The antiviral activity of GRFT has been tested on T-lymphoblastic cells and antiviral activity was found at picomolar concentrations, rendering GRFT the most potent antiviral lectin to date (Ziolkowska et al. 2006; Moulaei et al. 2010a; Mori et al. 2005). While both dimer and monomer forms of GRFT are active against HIV, the dimeric protein possesses higher potency than mGRFT. The binding of GRFT and mGRFT to the viral envelope protein gp120 is also different, with mGRFT displaying approximately 50-fold lower avidity (Moulaei et al. 2010a), despite similar enthalpies and dissociation constants of both GRFT and mGRFT for binding nonamannoside. Therefore, it seems that interactions between individual high mannose oligosaccharides and individual monomeric units of GRFT do not suffice to create potent antiviral activity. Thus, only when cross-linking of multiple high mannose oligosaccharides on gp120 is induced can significant antiviral potency of GRFT be shown (Fig. 7.4e), similarly to the original observation for CV-N (Fig. 7.1f). Interestingly, in a recent study in which a single or all three binding sites of the GRFT were destroyed was interpreted such that GRFT’s activity is not caused by simply binding to gp120, but that the structure of gp120 or its oligomeric state is affected (Xue et al. 2012).

7.6 Scytovirin

The antiviral lectin scytovirin (SVN) was isolated from aqueous extracts of the cyanobacterium Scytonema varium as part of a program investigating anti-HIV activity in natural product extracts (Bokesch et al. 2003). A single chain of SVN contains 95 amino acids, with a molecular mass of 9713 Da (Bokesch et al. 2003; Xiong et al. 2006a). Similar to the CV-N or OAA discussed above, SVN also displays an internal sequence duplication (Fig. 7.5a) (Bokesch et al. 2003), with high (~75 %) sequence identity between the N-terminal sequence (residues 1–48) and its C-terminal counterpart (residues 49–95). The sequence contains a large number of cysteine residues, ten in total (Bokesch et al. 2003) and, as seen in the crystal structures of natural and recombinant SVN, five disulfide bond are formed between C7–C55, C20–C32, C26–C38, C68–C80, and C74–C86 (Fig. 7.5a) (Moulaei et al. 2007, 2010b).

Fig. 7.5
figure 5

Structure and carbohydrate specificity of SVN. (a) Sequence alignment of the first and second repeats of SVN. (b) The overall structure of SVN, drawn in ribbon representation. (c) Chemical structure of Man-9. (d) Surface representation illustrating the interactions between SVN and the Manα(1 → 2)Manα(1 → 6) Manα(1 → 6)Man tetrasaccharide in sites 1 and 2 based on NMR titration data. (e) Schematic depiction of Man-9 binding by SVN in both sites 1 and 2

The crystal structures of this antiviral lectin were solved at 1.3 and 1.0 Å resolution for the natural and recombinant proteins, respectively (Moulaei et al. 2007). Unlike CV-N or GRFT, SVN is strictly monomeric (Fig. 7.5b), with no indication of oligomerization under any conditions (Moulaei et al. 2007). However, similar to OAA or PFA or the monomer of CV-N, the SVN structure revealed two highly symmetric domains, domain 1 (D1) and domain 2 (D2) (Fig. 7.5b). The structures of the two domains are virtually identical with an r.m.s.d value of 0.25 Å (Moulaei et al. 2007) and the fold of SVN is novel, compared to other proteins in the database up to now.

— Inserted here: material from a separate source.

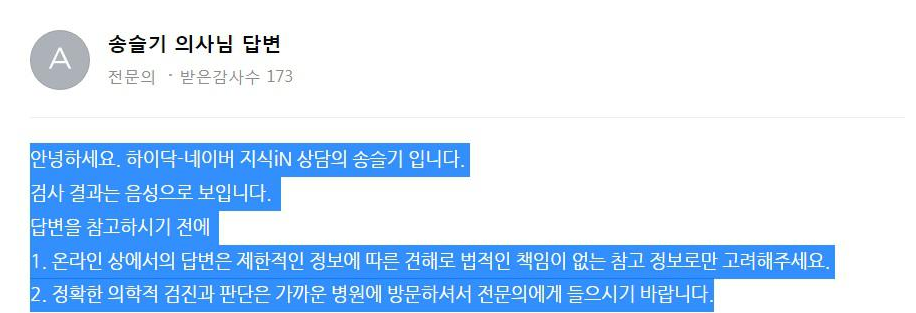 네이버에는 의사를 포함한 전문가들이 답변을 달아주니 참 좋은 것 같다.
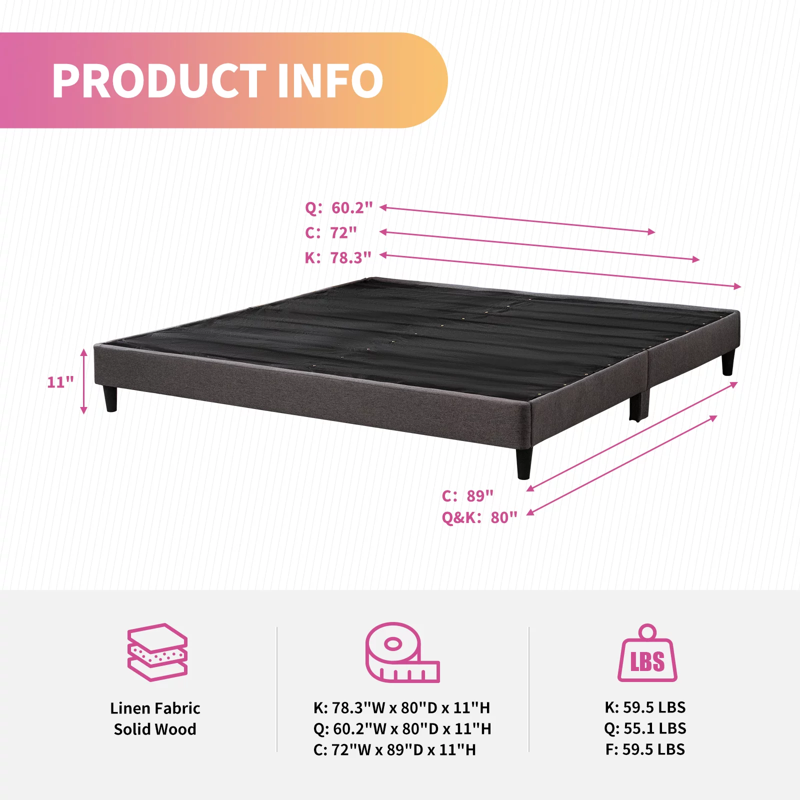 Rooflare 14'' Heavy Duty California King Metal Platform Bed Frame for Adult,Black

SVN has been shown to bind specific oligosaccharides on gp41 and gp120 (Bokesch et al. 2003). In particular, it was shown to bind to a tetrasaccharide substructure of the high mannose oligosaccharides that decorate these HIV-1 envelope glycoproteins (McFeeters et al. 2007; Adams et al. 2004). In order to demonstrate carbohydrate binding of the protein, NMR titration experiments were used to monitor the chemical shift perturbation of SVN using the Manα(1 → 2)Manα(1 → 6) Manα(1 → 6)Man tetrasaccharide (enclosed by magenta dashed lines and shaded in light magenta in Fig. 7.5c) (McFeeters et al. 2007). The results indicated that one binding site was observed in each domain of SVN and that the two sites interact differently with the same tetrasaccharide (McFeeters et al. 2007). At low NMR magnetic field (500 MHz), residues in D1 exhibit intermediate exchange whereas residues in D2 exhibit fast exchange. However, when the titrations were conducted at high NMR magnetic field (800 MHz), the intermediate exchange becomes slow and the fast exchange becomes intermediate, suggesting that the carbohydrate affinity of D1 is slightly tighter than that of D2. Using a two-site model fitting, dissociation constant values were calculated as ~30 μM for D1 and ~160 μM for D2 (McFeeters et al. 2007).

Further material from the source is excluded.